** Problem to solve **
Starting with the line with "Lækkert armbånd i" in the entries below and going on through the line with "这里的草莓苗,究竟有何特殊之", output every line exactly and nothing more. No pictures.

[Items listed in a dataset]
————————
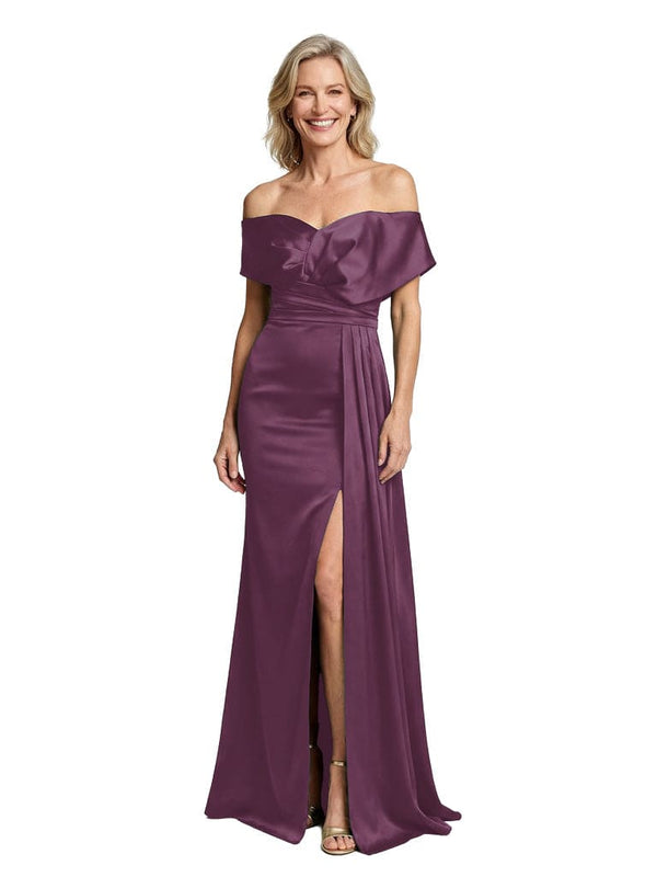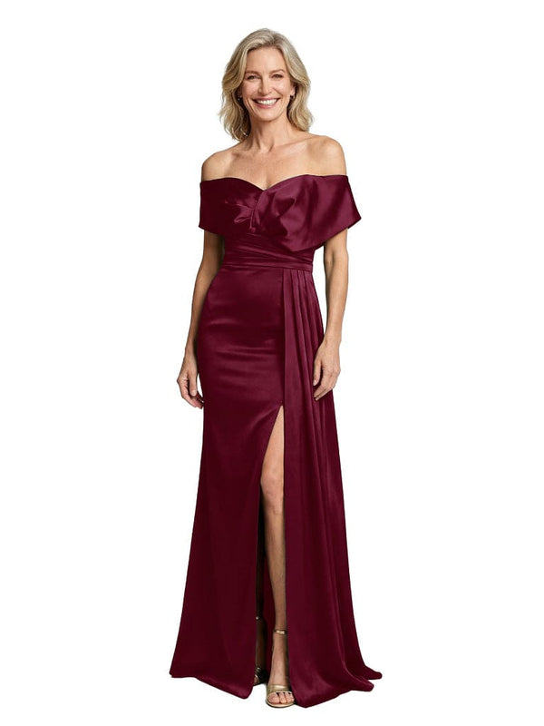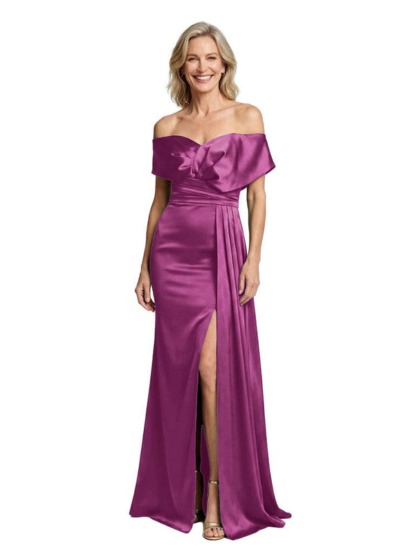 Mother Of The Bride Off Shoulder Satin Mermaid Ruched Formal Bride Mother Wear With Side Slit - Chicsew
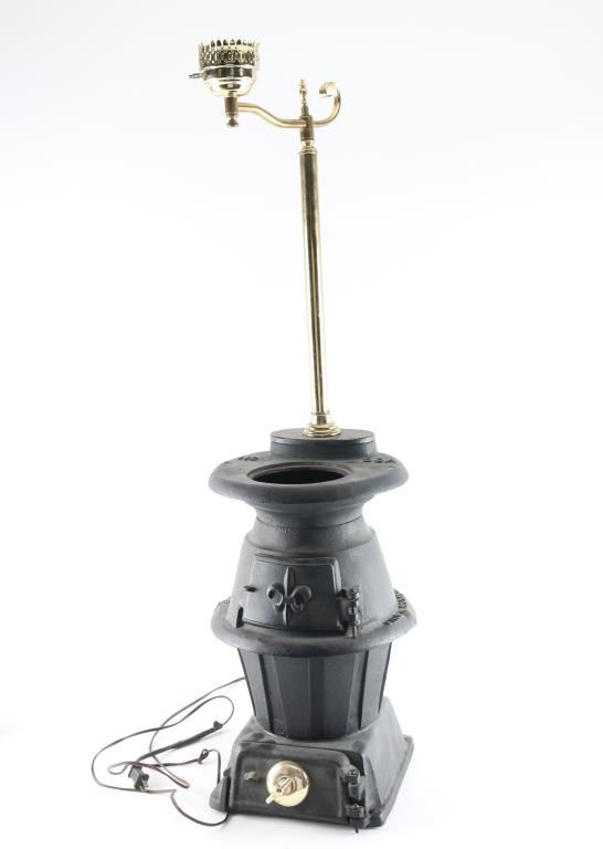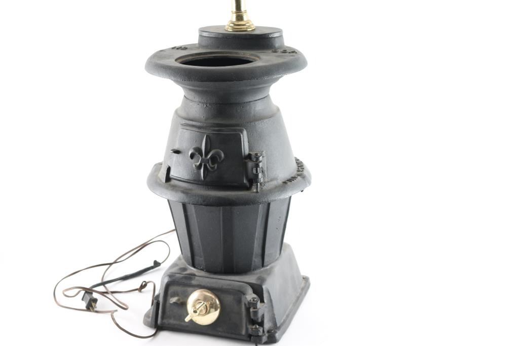 Salesman sample Cast Iron Stove made by King Stove & Range Company, #30A, made in Sheffield, Alabama has been converted to lamp. Approximately 20" body x 40 1/2" overall (lamp section included). Great for western decor or cabin. Great decor for western
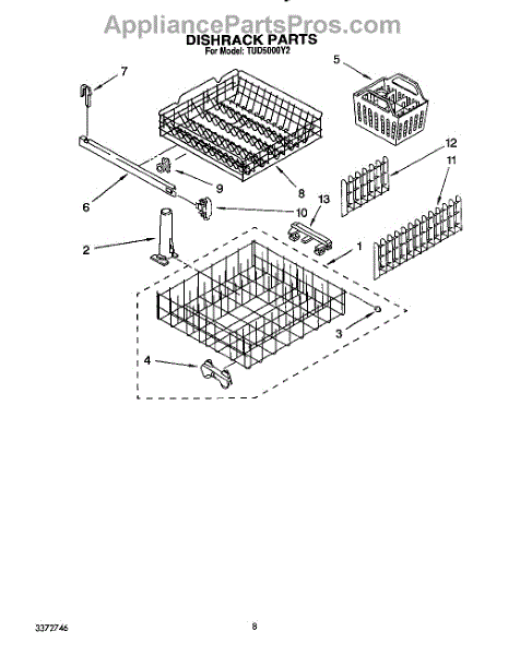 This dishrack replaces a damaged, rusted, or warped rack to restore smooth loading and secure support for dishes. A solid rack keeps items upright for better spray coverage, cleaner results, and helps prevent rust transfer and chipping.
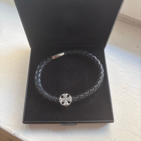 Lækkert armbånd i sort læder. Er blevet brugt, så læderet har givet sig og fået patina (det gør
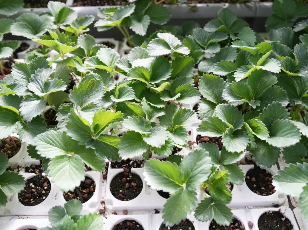 这里的草莓苗,究竟有何特殊之处,引得莓农们争相采购?答案就藏在牛庄村的育苗基地里。基地大棚内配备了智能控温控湿、水肥一体化灌溉设施,精准控制温、光、水、肥,让草莓苗“住”着“单间”,“吃”着基质,“喝”着营养液,从而有效提高草莓苗的生长速度和生长质量。
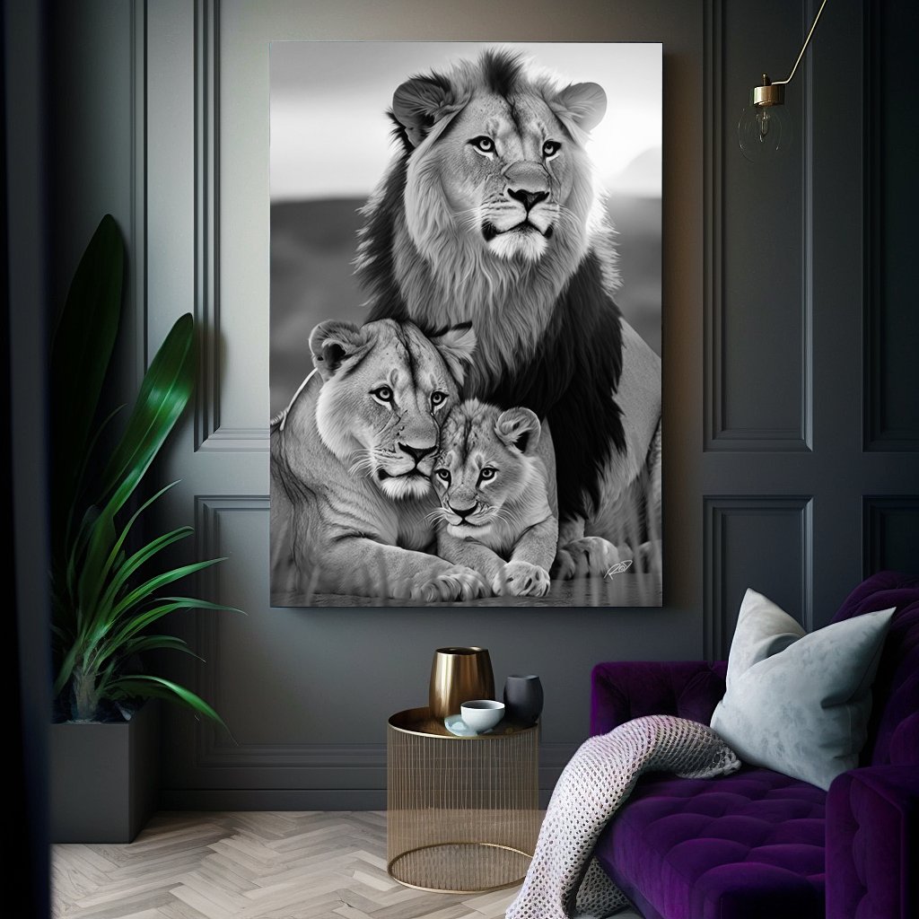 Esta bela arte Família de Leões Preto e Branco é uma obra de arte de primeira linha. Impresso com detalhes realistas e cores vibrantes, esta pintura é perfeita para qualquer fã de arte natural ou de decoração de interiores elegante. Compre hoje e adicione um toque de beleza e mistério à sua casa.
————————
** Result below **
 Lækkert armbånd i sort læder. Er blevet brugt, så læderet har givet sig og fået patina (det gør
 这里的草莓苗,究竟有何特殊之处,引得莓农们争相采购?答案就藏在牛庄村的育苗基地里。基地大棚内配备了智能控温控湿、水肥一体化灌溉设施,精准控制温、光、水、肥,让草莓苗“住”着“单间”,“吃”着基质,“喝”着营养液,从而有效提高草莓苗的生长速度和生长质量。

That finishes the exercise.